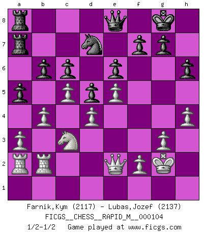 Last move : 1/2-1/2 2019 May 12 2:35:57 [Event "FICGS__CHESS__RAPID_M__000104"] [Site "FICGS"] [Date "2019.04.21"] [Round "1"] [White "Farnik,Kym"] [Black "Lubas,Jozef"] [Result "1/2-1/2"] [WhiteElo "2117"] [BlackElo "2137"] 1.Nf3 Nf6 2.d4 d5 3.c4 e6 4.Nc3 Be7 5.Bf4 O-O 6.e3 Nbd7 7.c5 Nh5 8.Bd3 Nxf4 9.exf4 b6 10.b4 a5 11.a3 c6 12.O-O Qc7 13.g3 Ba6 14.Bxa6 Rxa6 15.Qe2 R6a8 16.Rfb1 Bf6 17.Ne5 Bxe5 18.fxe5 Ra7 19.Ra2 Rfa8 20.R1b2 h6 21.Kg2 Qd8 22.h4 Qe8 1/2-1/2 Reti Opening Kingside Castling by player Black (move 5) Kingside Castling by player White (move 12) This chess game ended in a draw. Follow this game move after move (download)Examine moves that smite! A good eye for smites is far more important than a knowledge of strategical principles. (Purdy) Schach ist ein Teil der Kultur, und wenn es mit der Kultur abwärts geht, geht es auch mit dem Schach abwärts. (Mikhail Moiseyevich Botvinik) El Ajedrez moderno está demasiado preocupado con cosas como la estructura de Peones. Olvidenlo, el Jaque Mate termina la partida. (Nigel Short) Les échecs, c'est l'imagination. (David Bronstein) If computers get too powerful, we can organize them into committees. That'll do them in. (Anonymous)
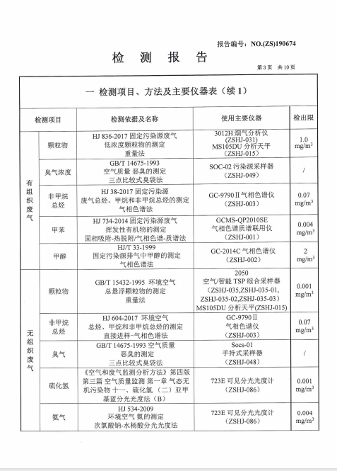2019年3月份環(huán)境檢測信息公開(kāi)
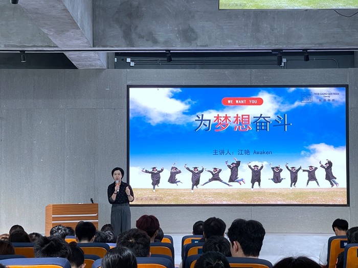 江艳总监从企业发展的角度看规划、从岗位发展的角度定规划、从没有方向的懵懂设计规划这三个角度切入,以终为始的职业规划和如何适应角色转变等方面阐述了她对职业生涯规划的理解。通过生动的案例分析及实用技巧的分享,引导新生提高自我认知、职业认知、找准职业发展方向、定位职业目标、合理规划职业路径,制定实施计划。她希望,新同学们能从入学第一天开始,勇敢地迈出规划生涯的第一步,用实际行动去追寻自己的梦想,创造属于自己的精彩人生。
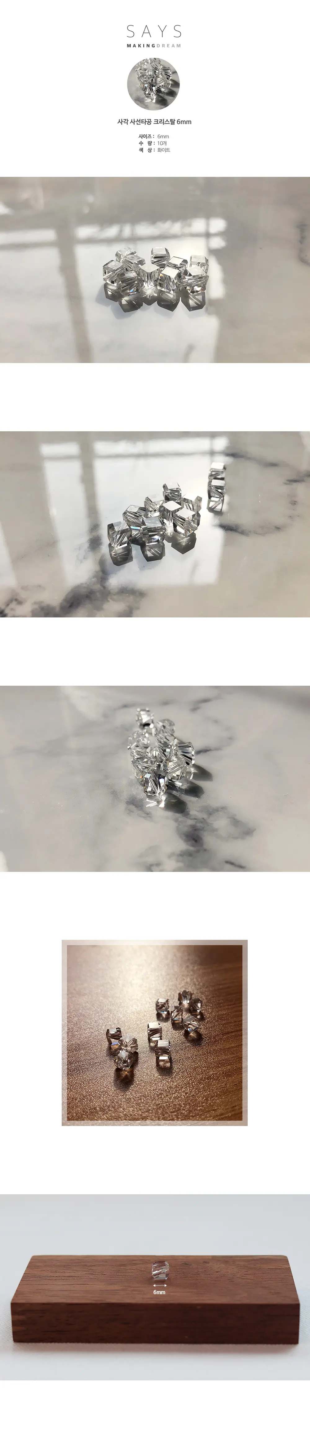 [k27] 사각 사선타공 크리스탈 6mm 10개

===

REQUIREMENT:
A verbatim copy of the material is needed; pictures are not to appear in it.

PROBLEM SOLUTION:
 Last move : 1/2-1/2 2019 May 12 2:35:57 [Event "FICGS__CHESS__RAPID_M__000104"] [Site "FICGS"] [Date "2019.04.21"] [Round "1"] [White "Farnik,Kym"] [Black "Lubas,Jozef"] [Result "1/2-1/2"] [WhiteElo "2117"] [BlackElo "2137"] 1.Nf3 Nf6 2.d4 d5 3.c4 e6 4.Nc3 Be7 5.Bf4 O-O 6.e3 Nbd7 7.c5 Nh5 8.Bd3 Nxf4 9.exf4 b6 10.b4 a5 11.a3 c6 12.O-O Qc7 13.g3 Ba6 14.Bxa6 Rxa6 15.Qe2 R6a8 16.Rfb1 Bf6 17.Ne5 Bxe5 18.fxe5 Ra7 19.Ra2 Rfa8 20.R1b2 h6 21.Kg2 Qd8 22.h4 Qe8 1/2-1/2 Reti Opening Kingside Castling by player Black (move 5) Kingside Castling by player White (move 12) This chess game ended in a draw. Follow this game move after move (download)Examine moves that smite! A good eye for smites is far more important than a knowledge of strategical principles. (Purdy) Schach ist ein Teil der Kultur, und wenn es mit der Kultur abwärts geht, geht es auch mit dem Schach abwärts. (Mikhail Moiseyevich Botvinik) El Ajedrez moderno está demasiado preocupado con cosas como la estructura de Peones. Olvidenlo, el Jaque Mate termina la partida. (Nigel Short) Les échecs, c'est l'imagination. (David Bronstein) If computers get too powerful, we can organize them into committees. That'll do them in. (Anonymous)
2019年3月份環(huán)境檢測信息公開(kāi)
 江艳总监从企业发展的角度看规划、从岗位发展的角度定规划、从没有方向的懵懂设计规划这三个角度切入,以终为始的职业规划和如何适应角色转变等方面阐述了她对职业生涯规划的理解。通过生动的案例分析及实用技巧的分享,引导新生提高自我认知、职业认知、找准职业发展方向、定位职业目标、合理规划职业路径,制定实施计划。她希望,新同学们能从入学第一天开始,勇敢地迈出规划生涯的第一步,用实际行动去追寻自己的梦想,创造属于自己的精彩人生。
 [k27] 사각 사선타공 크리스탈 6mm 10개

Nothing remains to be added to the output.